START Data for this task

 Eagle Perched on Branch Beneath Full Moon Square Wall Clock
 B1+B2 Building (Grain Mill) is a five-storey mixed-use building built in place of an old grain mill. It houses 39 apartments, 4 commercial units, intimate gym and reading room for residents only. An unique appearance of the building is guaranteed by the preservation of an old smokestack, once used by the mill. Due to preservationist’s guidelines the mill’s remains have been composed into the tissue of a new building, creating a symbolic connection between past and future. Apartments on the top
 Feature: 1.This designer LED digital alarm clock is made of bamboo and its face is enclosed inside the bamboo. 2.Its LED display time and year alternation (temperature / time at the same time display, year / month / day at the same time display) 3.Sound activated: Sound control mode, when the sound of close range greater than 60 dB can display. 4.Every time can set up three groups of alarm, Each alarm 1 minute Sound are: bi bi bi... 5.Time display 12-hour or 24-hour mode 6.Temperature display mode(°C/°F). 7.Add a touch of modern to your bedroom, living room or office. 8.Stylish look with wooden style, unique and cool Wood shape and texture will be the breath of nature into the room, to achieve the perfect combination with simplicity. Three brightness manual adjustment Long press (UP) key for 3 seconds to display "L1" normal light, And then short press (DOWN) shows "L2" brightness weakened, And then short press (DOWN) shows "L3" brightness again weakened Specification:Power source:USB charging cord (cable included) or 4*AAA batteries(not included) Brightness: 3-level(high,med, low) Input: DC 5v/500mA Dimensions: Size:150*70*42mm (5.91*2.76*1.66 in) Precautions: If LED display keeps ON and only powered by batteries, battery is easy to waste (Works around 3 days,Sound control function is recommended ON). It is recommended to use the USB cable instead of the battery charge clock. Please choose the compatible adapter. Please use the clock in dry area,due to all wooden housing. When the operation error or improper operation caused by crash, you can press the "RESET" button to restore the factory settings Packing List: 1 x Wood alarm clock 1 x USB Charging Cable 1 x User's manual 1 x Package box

END Data for this task
START Data for this task

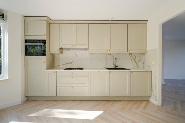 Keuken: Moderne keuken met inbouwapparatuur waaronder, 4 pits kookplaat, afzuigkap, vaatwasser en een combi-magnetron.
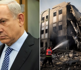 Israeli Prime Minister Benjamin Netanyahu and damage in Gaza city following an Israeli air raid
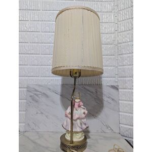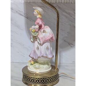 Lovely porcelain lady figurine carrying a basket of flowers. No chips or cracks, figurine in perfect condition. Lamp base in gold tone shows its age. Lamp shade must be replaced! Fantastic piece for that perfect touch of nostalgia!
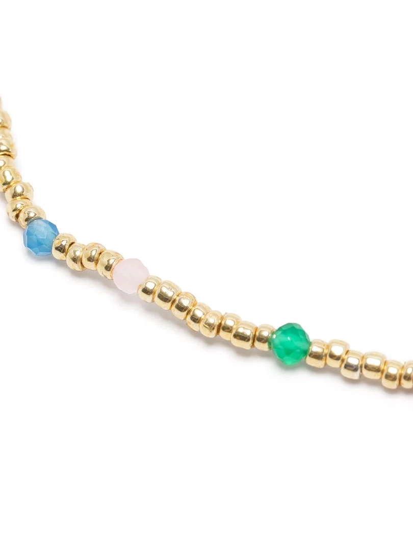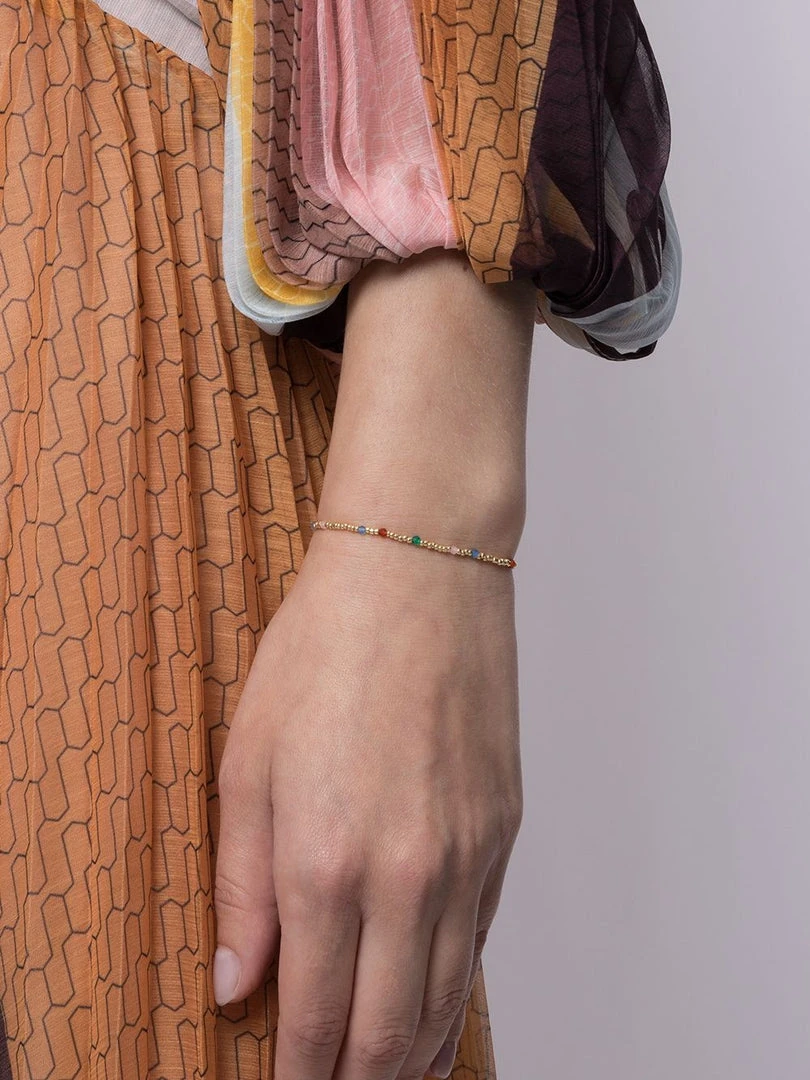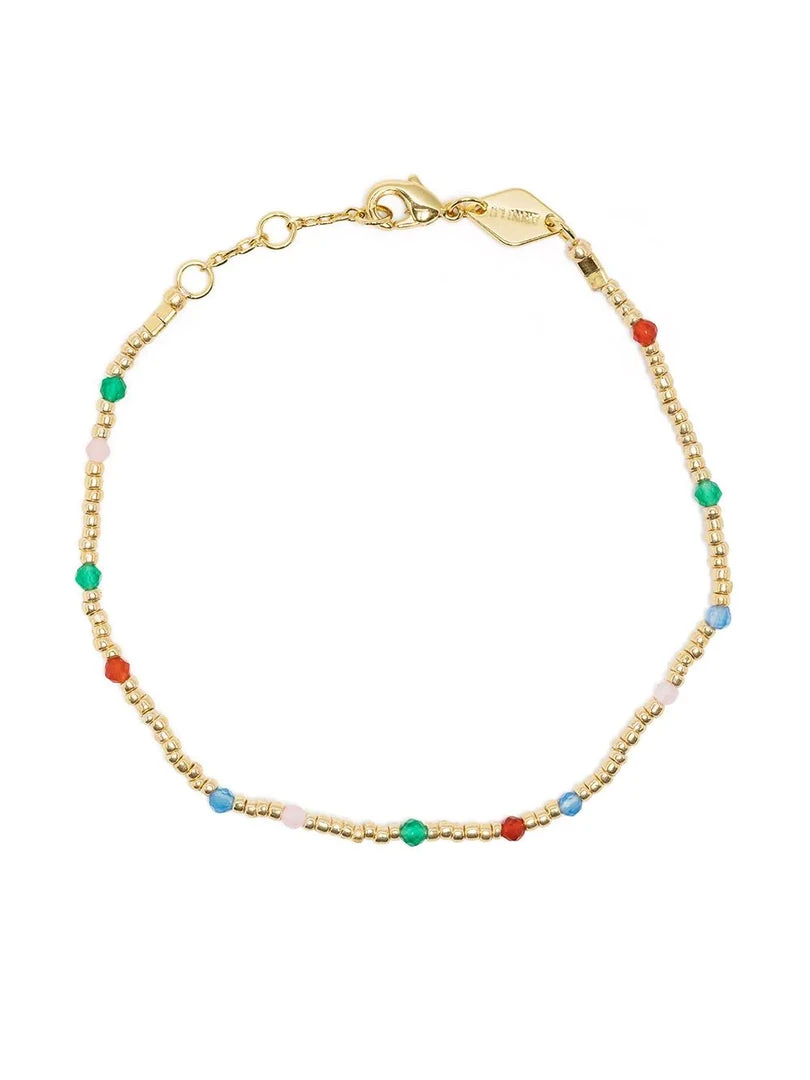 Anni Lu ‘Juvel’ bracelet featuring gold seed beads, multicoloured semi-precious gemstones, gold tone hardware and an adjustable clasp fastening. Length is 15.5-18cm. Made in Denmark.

END Data for this task

Could you restate word for word the lines above from the one containing "Eagle Perched on" through the one containing "Feature: 1.This designer", both included, and nothing else?

 Eagle Perched on Branch Beneath Full Moon Square Wall Clock
 B1+B2 Building (Grain Mill) is a five-storey mixed-use building built in place of an old grain mill. It houses 39 apartments, 4 commercial units, intimate gym and reading room for residents only. An unique appearance of the building is guaranteed by the preservation of an old smokestack, once used by the mill. Due to preservationist’s guidelines the mill’s remains have been composed into the tissue of a new building, creating a symbolic connection between past and future. Apartments on the top
 Feature: 1.This designer LED digital alarm clock is made of bamboo and its face is enclosed inside the bamboo. 2.Its LED display time and year alternation (temperature / time at the same time display, year / month / day at the same time display) 3.Sound activated: Sound control mode, when the sound of close range greater than 60 dB can display. 4.Every time can set up three groups of alarm, Each alarm 1 minute Sound are: bi bi bi... 5.Time display 12-hour or 24-hour mode 6.Temperature display mode(°C/°F). 7.Add a touch of modern to your bedroom, living room or office. 8.Stylish look with wooden style, unique and cool Wood shape and texture will be the breath of nature into the room, to achieve the perfect combination with simplicity. Three brightness manual adjustment Long press (UP) key for 3 seconds to display "L1" normal light, And then short press (DOWN) shows "L2" brightness weakened, And then short press (DOWN) shows "L3" brightness again weakened Specification:Power source:USB charging cord (cable included) or 4*AAA batteries(not included) Brightness: 3-level(high,med, low) Input: DC 5v/500mA Dimensions: Size:150*70*42mm (5.91*2.76*1.66 in) Precautions: If LED display keeps ON and only powered by batteries, battery is easy to waste (Works around 3 days,Sound control function is recommended ON). It is recommended to use the USB cable instead of the battery charge clock. Please choose the compatible adapter. Please use the clock in dry area,due to all wooden housing. When the operation error or improper operation caused by crash, you can press the "RESET" button to restore the factory settings Packing List: 1 x Wood alarm clock 1 x USB Charging Cable 1 x User's manual 1 x Package box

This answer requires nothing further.